(Data begins)

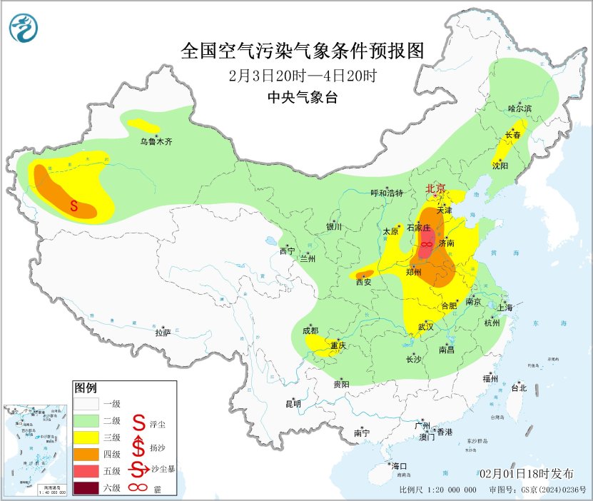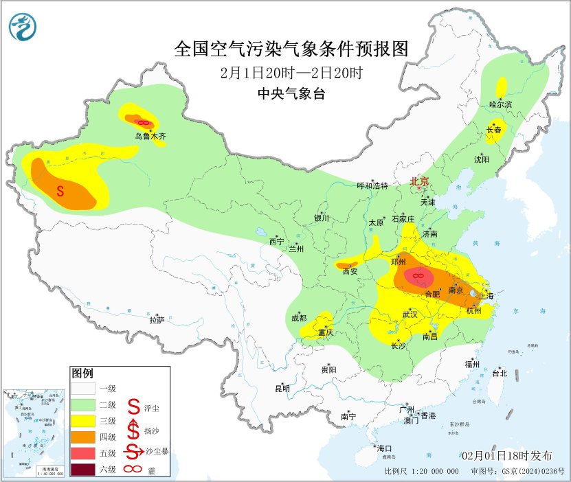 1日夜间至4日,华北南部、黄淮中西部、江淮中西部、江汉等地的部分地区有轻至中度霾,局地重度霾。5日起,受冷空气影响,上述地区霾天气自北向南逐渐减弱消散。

(Data ends)
(Data begins)

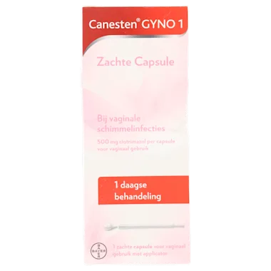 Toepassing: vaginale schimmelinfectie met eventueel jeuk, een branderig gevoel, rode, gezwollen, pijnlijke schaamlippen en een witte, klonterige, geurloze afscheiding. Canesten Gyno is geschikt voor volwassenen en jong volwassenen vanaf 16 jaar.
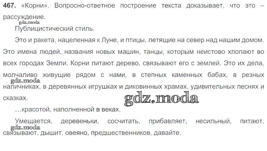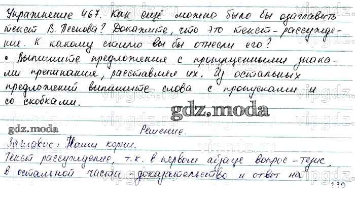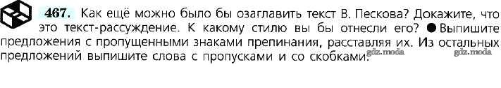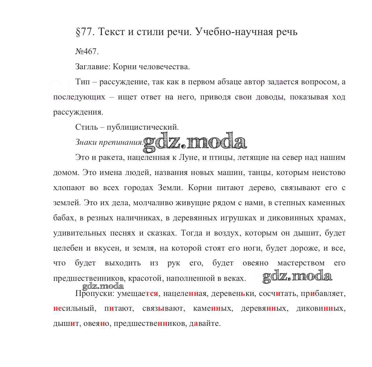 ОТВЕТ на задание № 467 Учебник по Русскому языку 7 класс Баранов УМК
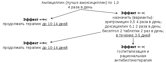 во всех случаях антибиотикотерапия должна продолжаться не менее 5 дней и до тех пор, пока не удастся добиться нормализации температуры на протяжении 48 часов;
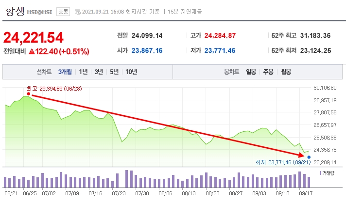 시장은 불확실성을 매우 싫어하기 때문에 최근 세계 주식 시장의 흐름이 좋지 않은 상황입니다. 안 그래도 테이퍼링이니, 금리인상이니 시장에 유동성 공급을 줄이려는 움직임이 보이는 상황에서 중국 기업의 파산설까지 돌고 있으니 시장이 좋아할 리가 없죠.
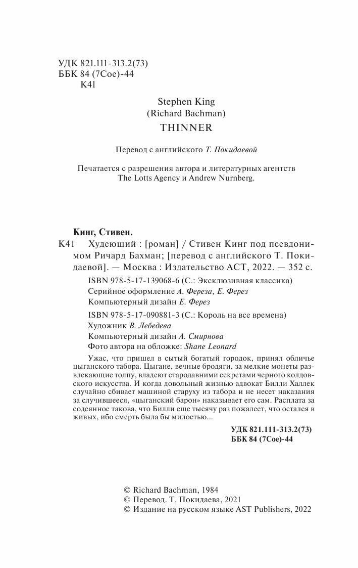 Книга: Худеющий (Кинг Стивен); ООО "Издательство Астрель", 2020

(Data ends)
(Data begins)

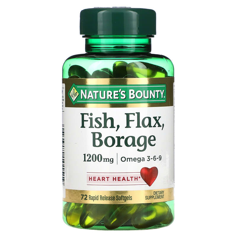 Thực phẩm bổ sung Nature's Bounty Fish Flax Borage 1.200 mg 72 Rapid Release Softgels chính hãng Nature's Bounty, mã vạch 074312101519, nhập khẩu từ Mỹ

(Data ends)

# Exercise description
Skip every picture, and restate word for word only the lines above from the line containing "во всех случаях" to the line containing "Книга: Худеющий (Кинг", both of them included.

# Answer below
 во всех случаях антибиотикотерапия должна продолжаться не менее 5 дней и до тех пор, пока не удастся добиться нормализации температуры на протяжении 48 часов;
 시장은 불확실성을 매우 싫어하기 때문에 최근 세계 주식 시장의 흐름이 좋지 않은 상황입니다. 안 그래도 테이퍼링이니, 금리인상이니 시장에 유동성 공급을 줄이려는 움직임이 보이는 상황에서 중국 기업의 파산설까지 돌고 있으니 시장이 좋아할 리가 없죠.
 Книга: Худеющий (Кинг Стивен); ООО "Издательство Астрель", 2020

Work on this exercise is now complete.